Do not become alarmed! Although phall is notoriously one of the hottest curries you will find on the average Indian restaurant’s menu, I promise that this Instant Pot beef short rib phall will not cause long-term harm.
According to Pat Chapman in his book The New Curry Bible, phall is unheard of on the Indian subcontinent, where the word actually means fruit. It seems it is another creation of the British Indian restaurant scene.
In this recipe, adapted from the Hairy Bikers’ Great Curries, I have used the pressure cooking method in the Instant Pot to speed things up and I have switched up the braising steak for beef short ribs. After living in America I became a big fan of this cut of beef. Thankfully it is becoming increasingly available in the UK.
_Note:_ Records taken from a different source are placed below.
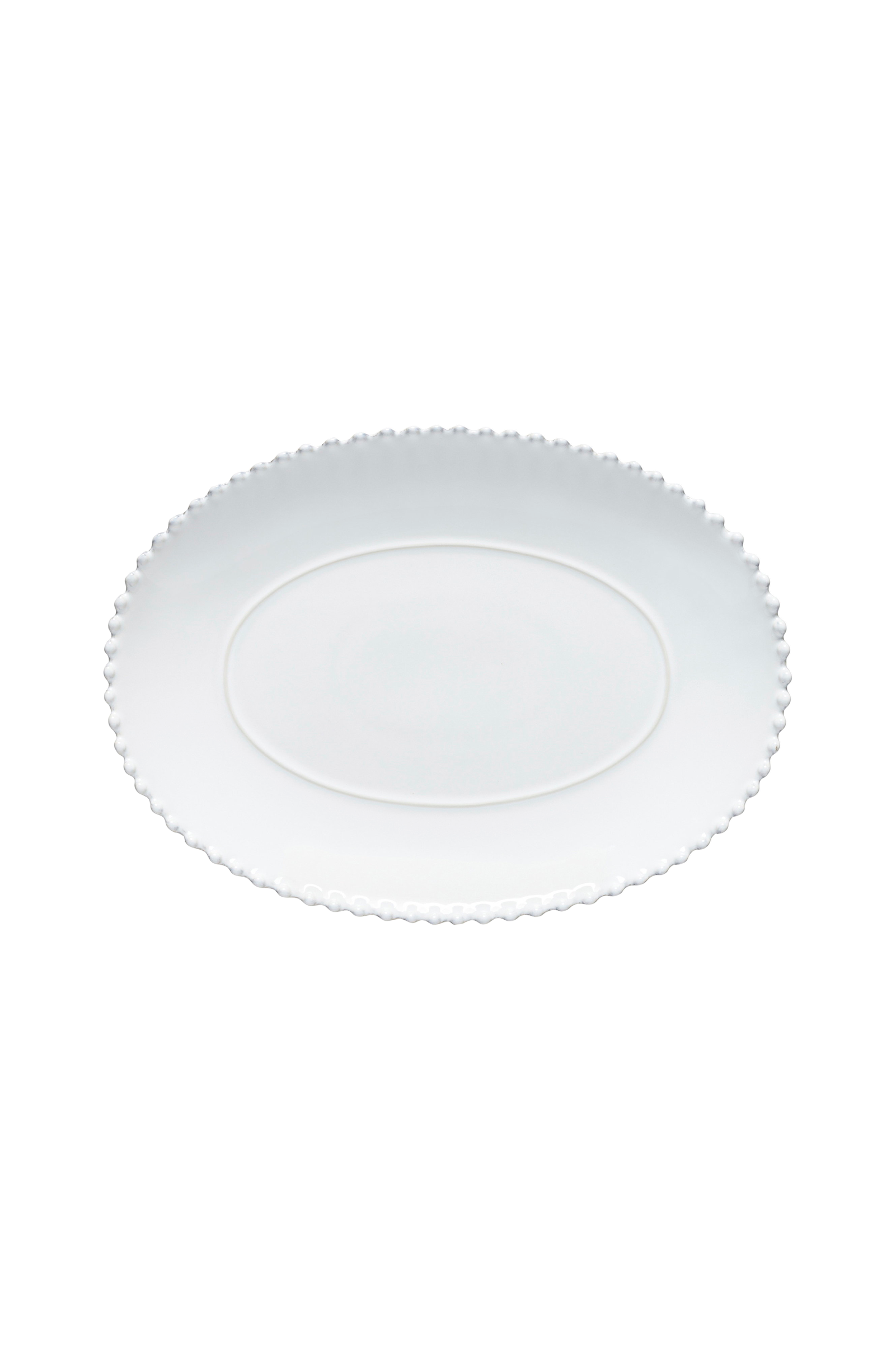 Det lilla ovala fatet, tillverkat av fint stengods och tillverkat i Portugal, har en kant dekorerad med pärlor och en handborstad finish som ger det en unik, hantverksmässig touch. Kollektionen pearl finns i vitt med en blank yta och erbjuder ett mångsidigt utbud av delar för bordet, servering, kaffe och te, bad och dekoration. Den innehåller alternativ som tallrikar, skålar, bakelser, centerpieces, fat samt middagsserviser, alla med samma exklusiva detalj. Kollektionen kombinerar tidlös elegans med mångsidighet, vilket gör den perfekt för både speciella tillfällen och vardagsbruk.
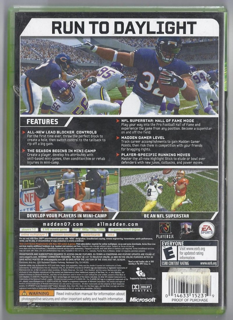 more great Video Games @ www.everything-collectibles.com Madden 07 Xbox 360 video game NFL Football 2007. This Video Game is in very good condition as you can see from the picture tested and works. if you have any further questions please don't hesitate to ask! if your order is over $50 Shipping is FREEE within The U.S.!!!
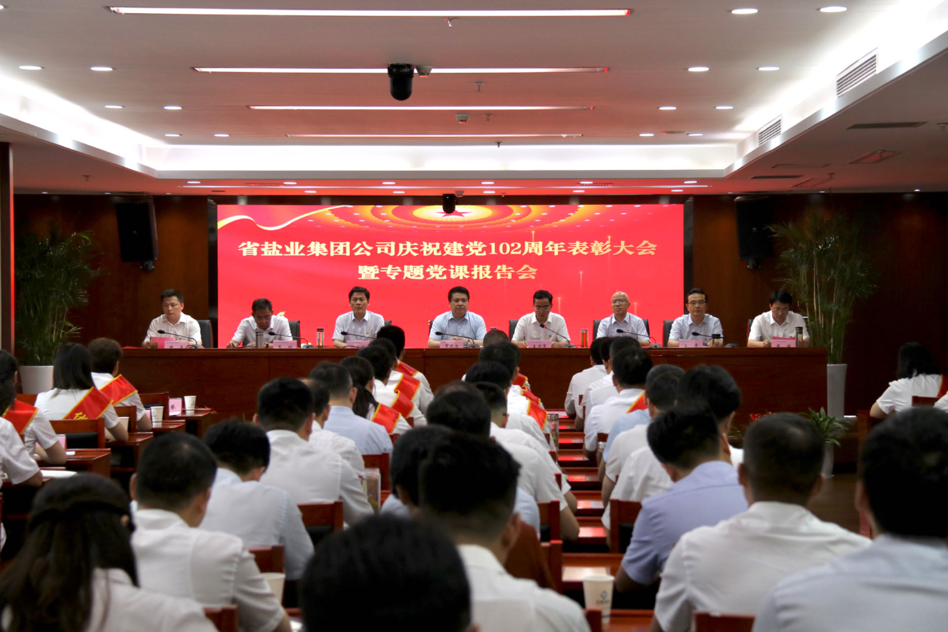 6月29日下午,省盐业公司召开庆祝建党102周年表彰大会暨专题党课报告会。公司党委书记、董事长罗太忠出席会议并作专题党课报告。省委主题教育第十三指导组相关同志列席指导。公司党委副书记、总经理、董事王思军主持大会。
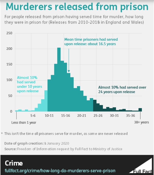 That's still a pretty hefty sentence! I’m not suggesting everyone currently sentenced to ‘life’ should actually be locked up for their whole life.1
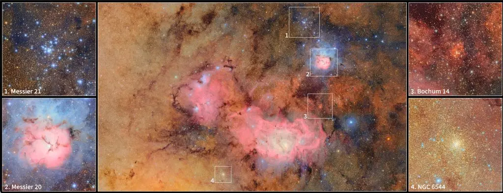 另一張合成圖像結合678張照片,展現人馬座方向的三裂星雲 (Trifid Nebula) 與礁湖星雲 (Lagoon Nebula),呈現難以觀測的氣體與塵埃細節,這些恆星誕生區域距地數千光年。
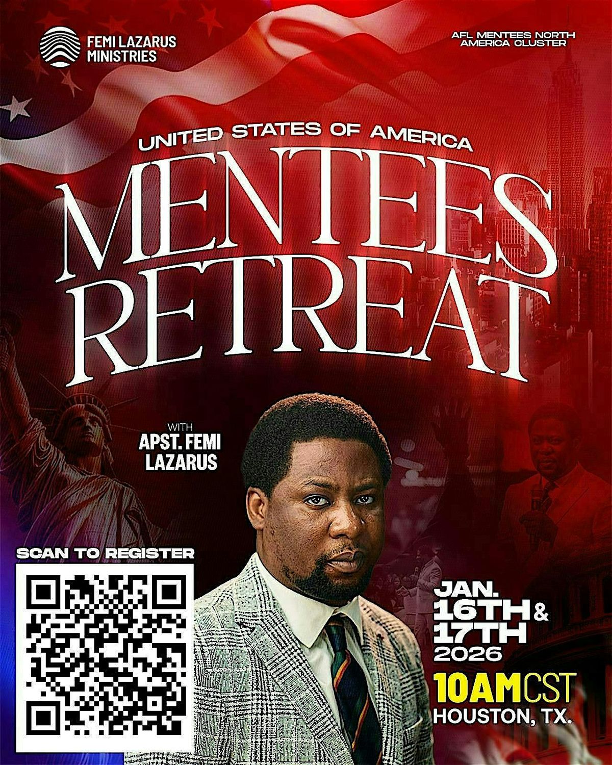 Join us for this closed-door, in-person meeting with Apostle Femi Lazarus in Pattison, TX. Far away from the noise and distractions, it is an invitation to withdraw, be still, and plug in to a time of refreshing.
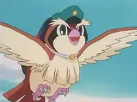 | Ken (Japanese: ケン Ken) is one of the many carrier Pidgey that Malachi and his grandfather own. They are used in the Pidgey Express business to send packages and newspapers around the Whirl Islands. Ken is distinct from the Express's other Pidgey because of the tiny hat it wears. It was first seen when a wild Fearow was pecking it and injuring it. Ash's Noctowl stepped in and scared off the Fearow. Ken plummeted to the ground, but eventually became friends with Noctowl. Brock bandaged the tiny Pidgey's wings and along with Ash and Misty found Malachi. He took them to Malachi's grandfather's house where Ken was then fully healed. | ||
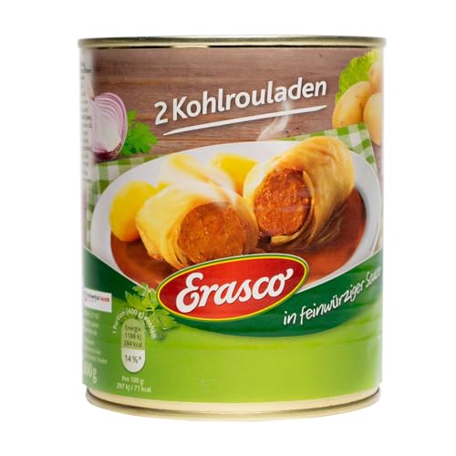 Erasco deftig-würzige Kohlrouladen in herzhafter Sauce sind aus erntefrischem Weißkohl mit einer schmackhaften Hackfleischfüllung ein leckeres, schnell zubereitetes Gericht aus der Dose.
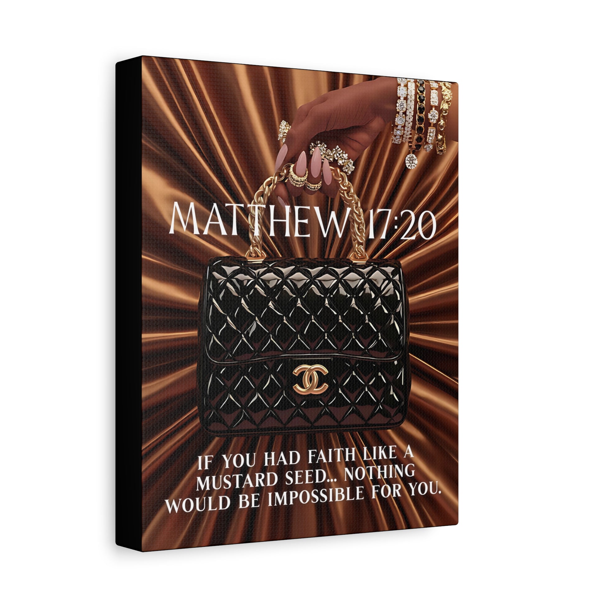 This stretched matte canvas brings a quietly luxurious message into any room. A glossy black quilted handbag and jeweled hand rest against a rich, bronze satin backdrop while the scripture from Matthew 17:20 anchors the composition: a calm, faith-forward reminder rendered with photographic clarity. The soft matte finish reduces glare and emphasizes depth. Stretched over a slim 1.25" pine frame, the piece hangs flush and stable—two small rubber dots protect surfaces and keep it level. It reads like a personal affirmation for someone who values style, faith, and intentional décor.
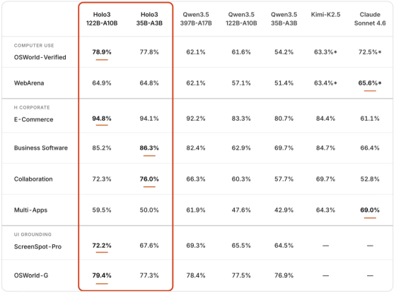 性能面ではオープンソース版のHolo3-35B-A3Bが国際標準ベンチマーク「OSWorld-Verified」で77.8%を記録しています。さらに、上位モデルのHolo3-122B-A10Bは同じベンチマークで78.85%を記録しています。なお、Holo3-122B-A10Bの総パラメーター数は1220億個で、動作時に使うアクティブパラメーター数は100億個です。
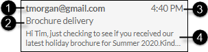 Clicking an incoming or outgoing email message item in the history displays the following details about the email in a separate panel.
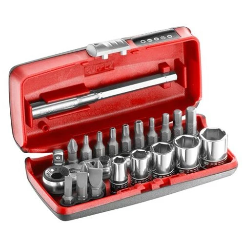 Ce coffret douilles 1/4” 6 pans métriques et embouts 23 pièces R1PICOPB est une composition d’instruments faite pour le serrage ou le vissage.

So, whilst this Instant Pot beef short rib phall (which according to Wikipedia can also be spelt fall, faal, fahl, phaal, phal or paal – in short, however you please), isn’t so hot as to be rendered inedible, it does pack a pleasing punch for those who enjoy their curries on the hotter end of the scale, whilst delivering good depth of flavour. Not just bushels of chillies for the sake of heat. Of course feel free to adjust the quantity of chillies as you wish and just to be safe, serve a big bowl of plain yoghurt to dive into, in case of emergency.
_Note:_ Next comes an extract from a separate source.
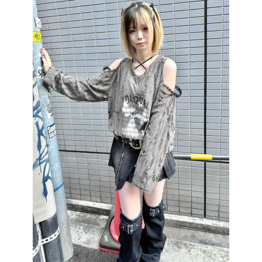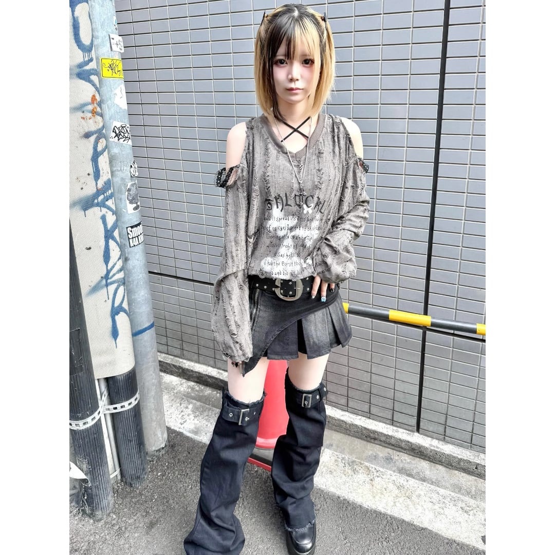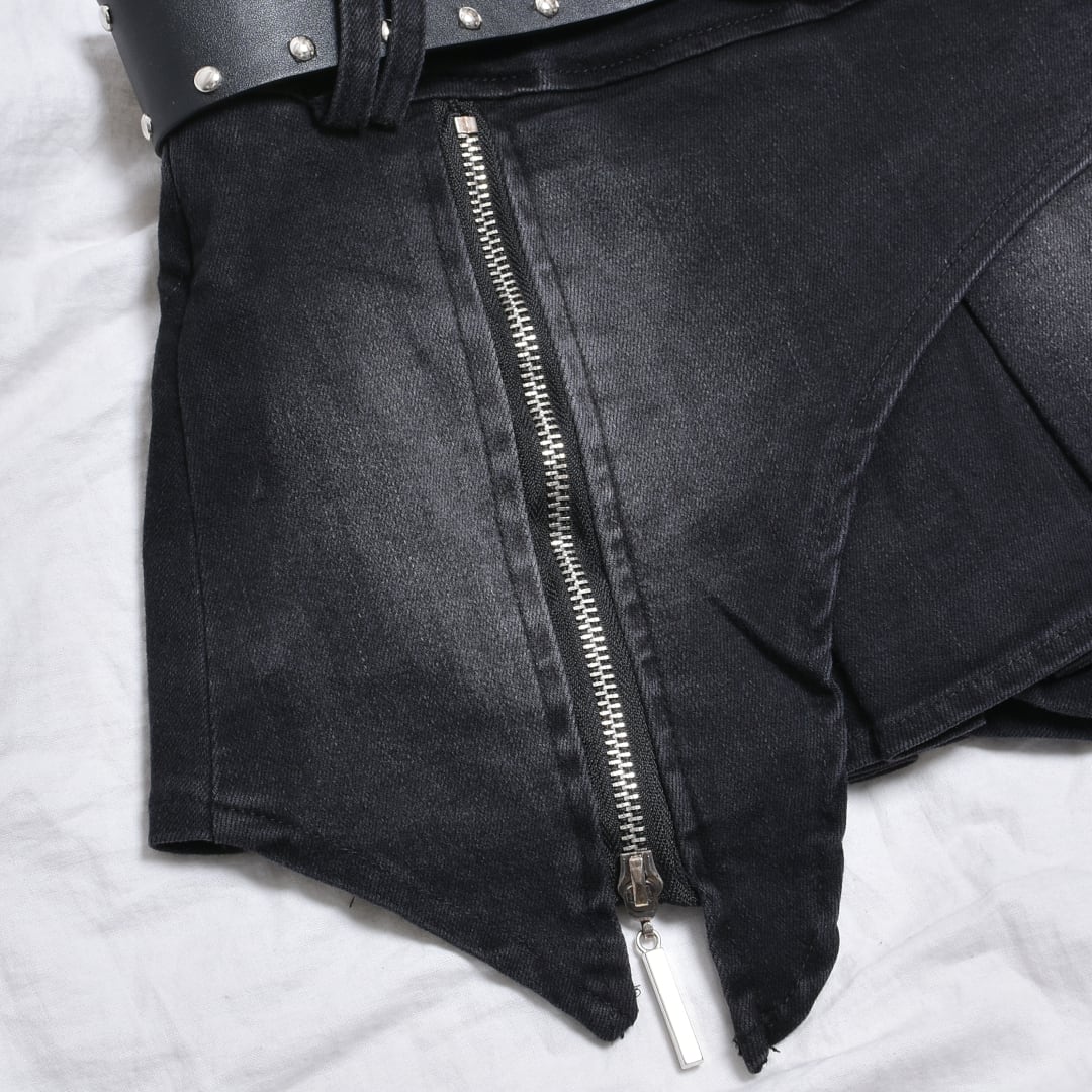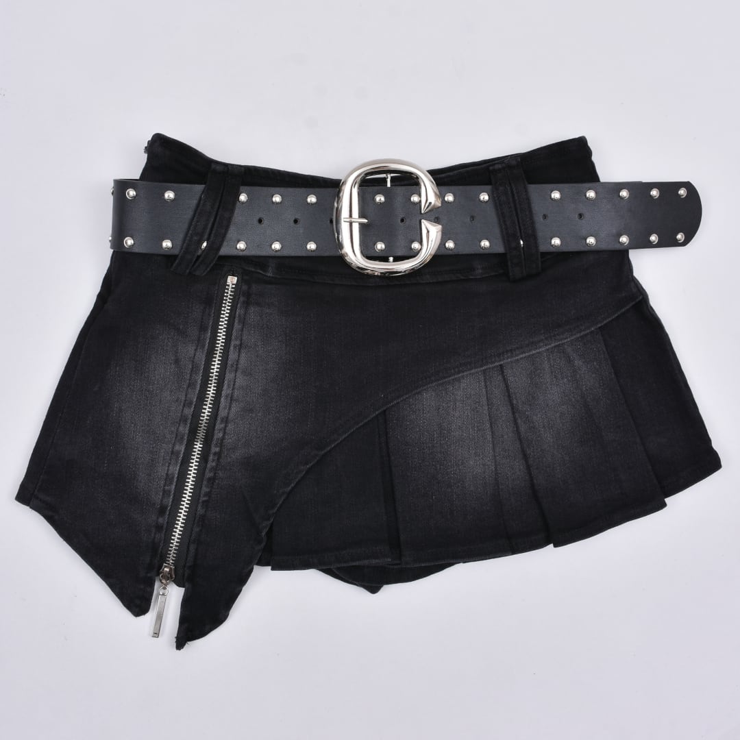 スタッズ付きのベルト+デニムミニスカの2点セット

If you’re looking for some easy rice to mop up all that spiky sauce then look no further than my Instant Pot Rice. And for a vegetable curry to serve alongside it try my Instant Pot Aubergine and Tomato Curry. Or if you’re looking for spice that’s not a curry, try my Instant Pot Chilli recipe.
- 800 g beef short ribs
- 3 tbsp vegetable oil
- 2 medium onions roughly chopped
- 6 cloves of garlic
- 25g fresh ginger
- 2 fresh, long red chillies
- 10 dried red chillies
- 2 tsp cumin seeds
- 1 tsp fenugreek seeds
- 1 tbsp paprika
- 1 1/2 tbsp garam masala
- 400 g can chopped tomatoes
- 2 fresh, long red chillies
- 2 tsp flaked sea salt
- 1/2 tsp freshly ground black pepper
- 1 cup water Instant Pot cup (180ml)
- Set the Instant Pot to sauté. Heat the oil and brown the short ribs on all sides. Remove the ribs to a plate and set aside. Leave the remaining oil in the Instant Pot.
- Blend all of the spice paste ingredients together in a blender or food processor. Add to the Instant Pot and sauté for a couple of minutes.
- Split the remaining two red chillies from stalk to tip on one side without opening or removing the seeds. Add to the pot along with the short ribs and stir in the rest of the curry ingredients.
- Pressure cook on manual for 1 hour and release naturally for 10 minutes.
- Shred the beef before serving.
***Please note: nutrition label should be used as a guide only.